Python has nice features, but the way dependencies are handled is quite complex, and package management is poor. Packages are building blocks that provide extra capabilities, and when you say you want to use Python, it’s not just the language but also the entire ecosystem of packages that you’re interested in, such as NumPy, Pandas, TensorFlow, and SciPy – all third-party dependencies or software libraries. Package management has been poor for over a decade, and while it’s improving, the progress is slow. There are many aspects of the system’s design that make it difficult to enhance.
Performance is also poor, mostly by design. Compute performance refers to the quality of the job done by Python to exploit the raw computing power available from your computer. Surprisingly, Microsoft Excel does a much better job in this regard. Excel is highly optimized, leveraging multi-CPU, multi-core systems, and running natively compiled logic. Microsoft has invested a lot in making Excel extremely fast.
In contrast, Python has inherent problems that often result in performance being 100 times slower than what your machine could theoretically deliver. While it may seem acceptable to some, given the power of modern computers, it’s not ideal for companies with transaction volumes exceeding $50 million. You want something that delivers good performance out of the box.
The idea of using a third-party library like NumPy to address Python’s lack of performance only adds complexity. You may be solving the performance problem, but you’re creating a new issue by introducing the added complexity of NumPy, which you need to deal with and maintain over time. This also raises the bar on the software engineering side of the problem.
When attempting to implement Python solutions for real supply chain management, various issues arise, such as null reference exceptions, out-of-memory exceptions, and lengthy computation times. You may find yourself waiting for 20 minutes for a computation to complete, unsure if it will ever finish or if you should just kill the process and restart. I just don’t know, so you want things where you have a very, very good idea of how much time it’s going to take to complete. By the way, if I go back to Excel, nowadays when there is an operation that takes a bit of time to complete, Excel will give you a fairly reliable indicator, a progress bar on how much time it’s going to take.

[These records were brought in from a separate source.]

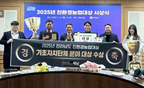 해남군이 전라남도‘2025년 친환경농업대상’평가에서 대상을 수상했다. 2년연속 대상 수상으로, 우리나라 친환경농업 선도 지자체의 위상을 확고히 했다. 해남군은 상사업비 8,000만원도 확보했다.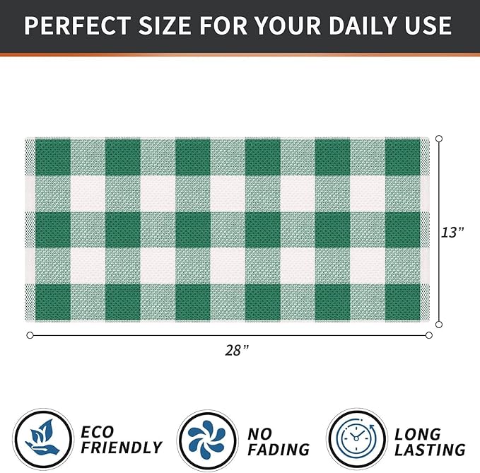 Homaxy 100% Cotton Waffle Weave Check Plaid Kitchen Towels, 13 x 28 Inches, Super Soft and Absorbent Dish Towels for Drying Dishes, 4-Pack, White & Dark Green
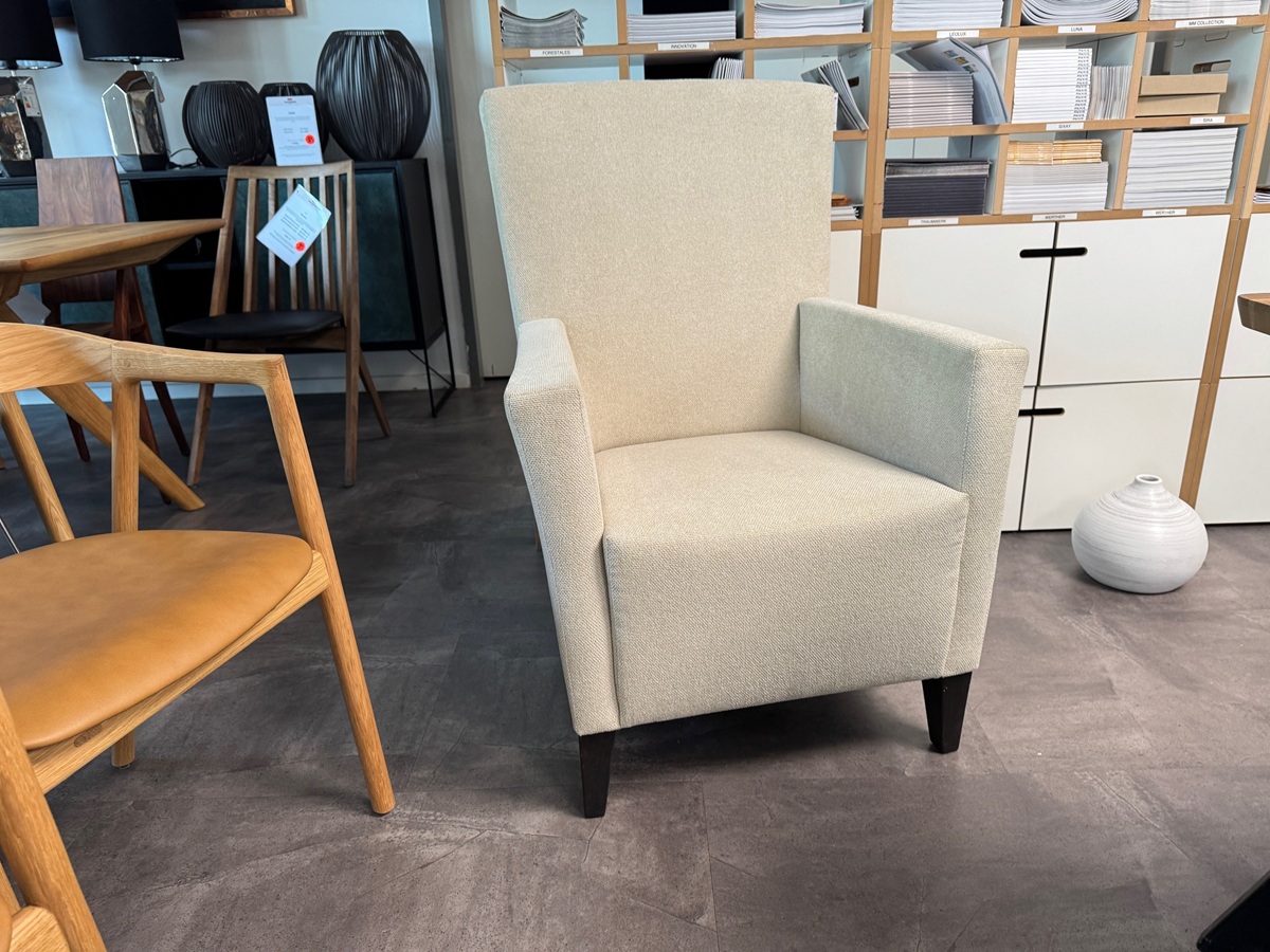 Sie erhalten hier den Hochlehnsessel Liz ohne Kappnaht, Bezug Brooklyn beige, Füße wenge gebeizt.

So again, you want, and that’s part of what I refer to as the production readiness. You want to have something that is because, again, the software that you’re producing is most likely going to run unattended, during the night or during the nightly batch, for example. You want something that does not require a data scientist to babysit the whole thing.
And again, if you have the problem with data scientists, then you need the third competency: supply chain expert, software engineering expert, and now a data scientist expert. It’s possible to have all those three qualities in one person, but good luck with hiring more than one person a year, even if you’re a large company that has all those skills. It’s just super rare.
So we want to have something that will improve. By the way, the first thing that we want to improve is defense in depth. Ransomwares are on the rise, and whenever you put something programmable in your organization, you expose yourself to ransomware. Because suddenly, when you have a program, the program on the machine can do tons of things, including hijack the very machine it’s running on. I know that there are tons of ways to mitigate the problems; you can sandbox things, you can restrict, you can have limited rights, and there are tons of ways to limit the problems. Nonetheless, whenever you have something like a generic general-purpose programming language, your attack surface area, that’s a technical term, is absolutely gigantic.
So basically, whenever you’re plugging in code like that, you expose yourself massively in terms of security problems. And remember, the way it’s typically done in a regular software engineering business is that the code is peer-reviewed. So you review the code, you have a code review process, somebody produces the code, and there is a colleague that is going to review the code to make sure that there are no shenanigans in the code. But if I go back to the fact that software has to be rugged, you have to be able to respond within hours. You will not be able, from a supply chain optimization perspective, to have a code review process in place. It’s just not compatible with the delays and the emergencies that you will face.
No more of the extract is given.